How in fact this test is to be applied within the specific context of the Fish Legal case has been referred back to the UK Upper Tribunal.  The precise implications for UK law have therefore yet to be resolved.  There must, however, be a risk of a conclusion that some of the powers exercised by the water companies fall within the European Court’s definition of  “public administrative functions”.  

Furthermore, given the parallels between the privatised water industry and ports, the final determination of the Fish Legal case could also have important implications for ports. 

The practical implications of public law challenge for ports

Applying the principles laid down by the European court in Fish Legal, it is arguable that a range of activities carried out by harbour authorities constitute the exercise of “public functions”.  

Under section 33 of the Harbours Docks and Pier Clauses Act 1847, in return for payment of harbour dues, port authorities are required to allow public access to the harbour or port.

Their functions – including those of navigation and dredging - are intended to regulate that access.

They too have the power to make applications to the Secretary of State to expropriate land.   They also control the operation of ports through bye laws.

But for the existence of the harbour authorities, the government would almost certainly have to intervene and regulate the activities of ports.  Theirs is also a regulatory framework which individuals have no alternative but to submit to in order to access ports.

Furthermore, if there is a risk of some of the activities of ports being deemed to be public functions, then there is also a risk that the decisions of a port authority could be challenged by judicial review.

What does this mean in practice?

The prospect of decisions by ports authorities being susceptible to judicial review challenge introduces a new dimension to the way they are made.  If a port authority is exercising public law functions it must concern itself in how – as well as what- it decides.

The prospect of the lawfulness of decisions being challenged by judicial review proceedings also presents the risk of greater uncertainty for both the ports themselves and those with whom they do business.   Full blown judicial review proceedings can take over a year to resolve - with all the uncertainty about the status of the decision under challenge in the meantime.

High profile judicial reviews are also on the increase.  Recent years have seen challenges to decisions such as the future of the Olympic stadium, GCSE English results and even the burial place of Richard III.   Such cases serve to emphasise the reputational sensitivities for judicial reviews played out in the media spotlight.

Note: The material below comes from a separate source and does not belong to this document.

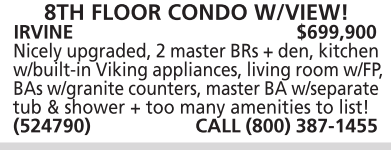 IRVINE $699,900 Nicely upgraded, 2 master BRs + den, kitchen w/built-in Viking appliances, living room w/FP, BAs w/granite counters, master BA w/separate tub & shower + too many amenities to list! (524790) CALL (800) 387-1455

On one level ports have nothing to fear from this possibility if their processes are fair and robust.   The fact remains however that the potential for judicial review challenge raises the possibility of scrutiny not previously experienced by ports.  They would therefore be well advised to consider what the implications might be for their internal systems and decision making processes as the possibility of this legal development looms over the horizon.